For many companies, discovering black discoloration on your wood packaging products can be troublesome. At first glance it might look like mold fungi, which are a great cause of concern regarding human health, but it might be something else entirely. There are types of fungi that grow on lumber called bluestain but they are not linked to human health concerns.
Interestingly, there are also other types of naturally occurring defects in lumber that might look like mold but in fact are not biological. Before you “jump the gun” and ask your supplier to replace all your wood pallets with fresh ones, keep in mind there are many types of naturally occurring, non-biological defects that may look scary, but are not caused by microorganisms (fungi, bacteria, etc).
Understanding the difference could save you time, money, and a great deal of worry. The report “Wood Discolourations & Their Preventions, with an Emphasis on Bluestain” discusses the different types of discoloration commonly found on wood products and how to identify them. The report at the bottom of the article includes pictures and examples of each of these discolorations.
Iron stain is considered the most common type of black stain found on wood products. According to the report, “it is caused by elemental iron reacting with phenolic chemicals in the wood to form black iron tannates, or common black ink pigment.” In other words, if particles of iron are deposited on wood during railway transport or if steel wire, staples, or nails are in direct contact with wood and the wood becomes wet, the wood might become stained dark with iron. Even saw blades will sometimes cause these streaks.
In western hemlock, a type of discoloration occurs only after the wood is dried in a kiln. Whereas the unaffected areas appear light yellow, affected areas appear dark brown, making for noticeable differences in surface color variation. Below the surface of susceptible pieces, sometimes the brown stain will appear black after the wood is dried. This is known as zebra stain. Zebra stains happen when iron or manganese darkens the browning and makes it turn black.
If your wood product is left outside and exposed to the sun, over time it will darken (like a sun tan) and may make the wood appear dirty or damaged. The impact of sun exposure causes a chemical change in the tannins of the wood that, over time, react to the sun’s exposure. If this happens to your wood packaging product, or other lumber product, it’s said to be “weathered.”
Red alder, oaks, beech, maples, and other hardwood species are commonly susceptible to enzymatic discoloration. This is the reaction of enzymes or polyphenolic compounds in living cells. This produces a grayish or brownish tone in sapwood.
Typically seen in the forms of dark lines or streaks in oak, green or brown patches in sugar maple, or purple to black areas in yellow poplar; mineral discoloration sometimes develops in standing or fallen trees in mineral rich soils.

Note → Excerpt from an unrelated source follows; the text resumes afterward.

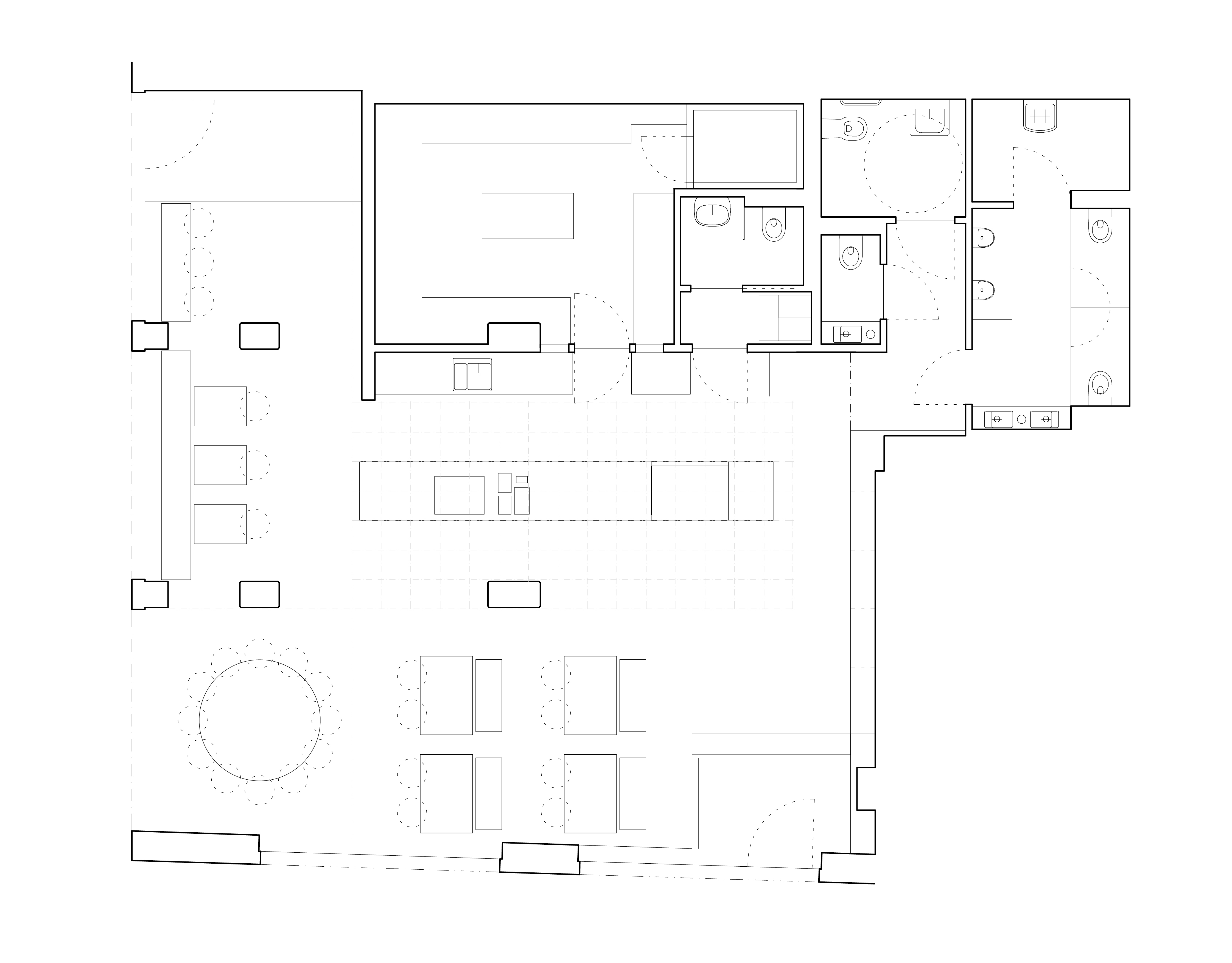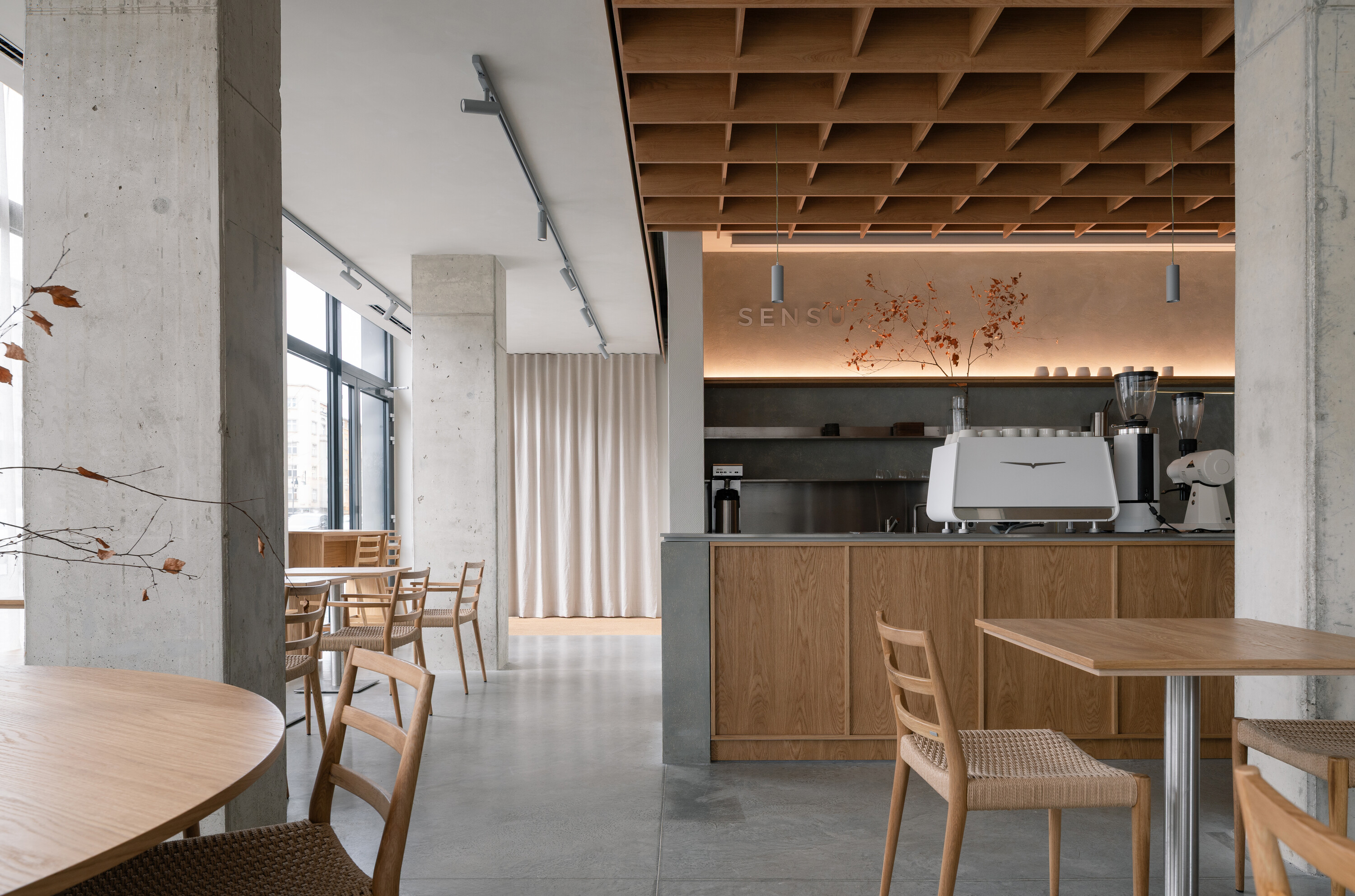 공간의 중심에는 길게 뻗은 선형 바가 자리한다. 이 바는 직원의 동선을 효율적으로 통합하고, 동시에 카페 내부의 움직임과 흐름을 자연스럽게 이끈다. 센수를 위해 특별히 디자인한 가구 시리즈도 눈에 띈다. 지름 2m의 원형 테이블, 4인이 앉을 수 있는 직사각 테이블, 입구 측 바 테이블까지 다양한 형태가 조응을 이룬다.

Preventing discolorations caused from iron stain and weathering are quite manageable. If you store wood products outdoors, keep them covered yet ventilated to prevent weathering. Also, keep your ferrous metals from having direct contact with lumber to prevent black ink stains. Other types of black stains and discolorations, like zebra stains, enzymatic discolorations or mineral discolorations, are naturally occurring and challenging to control.
Fungi are all around us. It’s estimated that there are at least 5.1 million different species of fungi in the world. One of the reasons why trees grow to be so large is that certain types of fungi pass vital nutrients to them underground that they might not otherwise have access to.
These nutrients help trees grow, allowing to them to sequester carbon from the atmosphere during their growth phase.
In forests, certain types of fungi play a very interesting role. Research scientist and mycologist Adnan Uzunovic notes,
“Fungi are very important for nature and forest as they are natural recyclers and many decay fungi do a very important job. Many fungi are present in forests have various roles in forest ecosystem. Apart from those that are recyclers, some are mycorrhizae fungi that form symbiotic relationships with plants providing necessary nutrient to trees. A small minority of fungi are plant pathogens that can kill live trees or affect leaves and needles or cause cankers on stems and twigs, or cause root rots.”
When something in a forest dies, decay fungi help ensure those byproducts are reusable to other forms of forest life. In other words, they help ensure that nothing goes to waste. Mycorrhizae fungi, on the other hand, help plants in forests absorb water and nutrients. In return, the plant provides the fungus with carbohydrates it formed from photosynthesis. It’s a symbiotic relationship because the fungus and plant help each other survive.
In 1997, Suzanne Simard of the University of British Columbia in Vancouver discovered one of the first pieces of evidence that Mycorrhizae fungi is capable of transferring carbon between a Douglas fir tree and a paper birch tree. It was later discovered that they also facilitate an exchange of nitrogen and phosphorus between plants and that when this type of fungi are paired with a tree, the tree’s immune system becomes heightened, allowing it to better defend itself from more damaging threats, like those from insects or beetles.